We are aware that the navigation system is developed to assist in practical surgical application involving real patients. In practical surgical application, there may be two possible ways to secure the reference marker of the tracker. One is to attaching the marker on the patient’s skin with an elastic strap, which has been widely used for brain applications in commercial systems. Another option is to have a small stab skin incision, which allows K-wire fixation to the bone. Later, reference markers can be attached to the end of the K-wire. A similar method has been widely used in robotic arm-assisted surgery in orthopedic field (MAKO, Stryker®).

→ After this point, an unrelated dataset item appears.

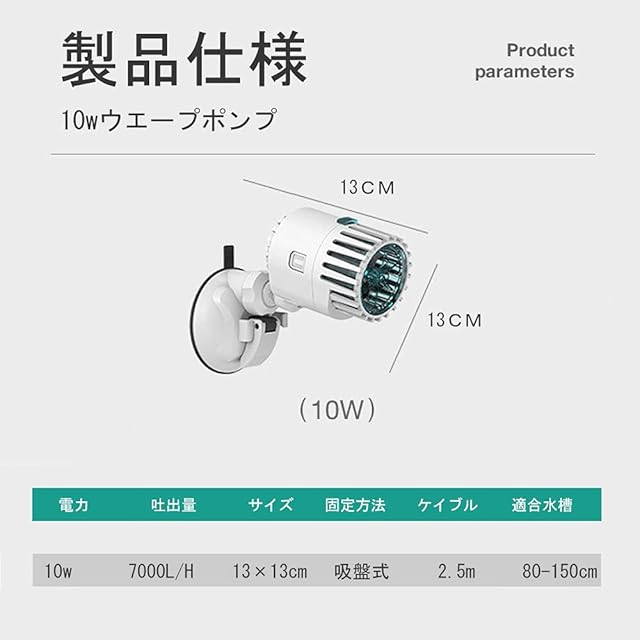 【規格】☆入力電圧:AC 100V 50/60Hz ☆電力:10W ☆最大流量:7000L/H ☆騒音クラス:35デシベル以下 ☆電源コードの長さ:2.5M ☆適用水槽:80-120CM

This study is limited by our use of a plastic model in the operative setting. No subscapularis tendon is attached to the lesser tuberosity of the plastic models, such that the direction of the subscapularis tendon could not be determined. We used plastic models (Arthrex, USA), which are is used for arthroscopic training in a dry laboratory [10, 11] to minimize anatomic variations reported in the literature [22, 23]. The current study tested novices as the participating surgeon, therefore it limit the generalization of the result to the more experienced surgeons. Despite that limitation, we believe the result of the study may help to reduce the learning curve for trainees.

Conclusion

Navigation may help surgeons become more aware of the surrounding anatomy, resulting in better decisions regarding anchor angle and location from preoperative guides. The navigation system may better determine the spatial orientation of the footprint for the subscapularis. Navigation assistance can result in more accurate and reliable anchor fixation.